This group/cooperative learning problem is designed to see if you can combine two aspects of kinematical motion, construct a valid space time plot and then solve for the requested result.

QUESTION: An object, 2 m above the floor, tethered by a chain which is attached to a brake (a constant force spring) is released and falls vertically under the influence of gravity under it reaches the end of its tether and then is deaccelerated by the ``brake'' which can, in the absence of any other effect (gravity included) has an acceleration of 14.7 m/s<sup>2</sup>. How long should the tether chain be so that the falling object just ``kisses'' the floor?

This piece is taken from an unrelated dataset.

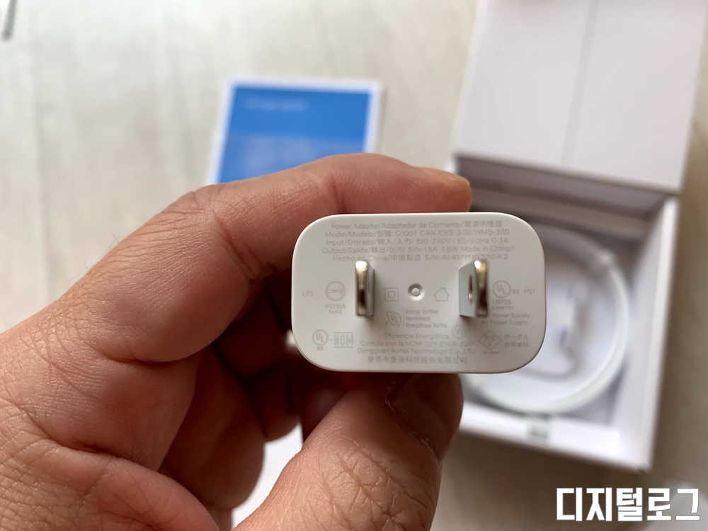 크롬캐스트 4세대에 기본제공되는 어댑터는 프리 볼프 제품으로 5V 1.5A (75W)의 출력이 제공되는 어댑터이다. 미국에서 출시한 제품이라 국내 콘센트에서 사용하려면 돼지코를 구해야 한다.

As the figure below shows there are two regimes to the fall.

1.

From t₀ to t₁ in which the object falls a distance x and experiences and acceleration of a= -g.

2.

From t₁ to t₂ in which time object falls a distance y and experiences the acceleration of gravity -g and the braking deacceleration of 14.7 m/s² or 3g/2.

To solve the problem:

1.

You must utilize the vector aspect of acceleration in the second time regime and find that a'= (3g/2 + -g) = g/2.

2.

Next establish a space-time plot (if you can do this in your mind this is fine.)

3.

Choose which expressions are least cumbersome to use and solve.

Of the three motion equations:

$$x = x_0 + v_0 t + \frac{1}{2} at^2$$

v = v₀ t + a t

v² = v₀² + 2 a (x-x₀)

only the last doesn't require a knowledge of the temporal aspect of the problem. Using a space-time to establish the motion and facts you should find that you obtain two useful expressions:

Time regime one: v² = (0)² + 2 (-g) x

Time regime two: 0 = v² + 2 (g/2) y

$$x+y = -2m \equiv s$$

Substituting gives 0 = 2 (-g) x + 2 (g/2) (s - x) and solving gives x = s/3 = -0.67 meters.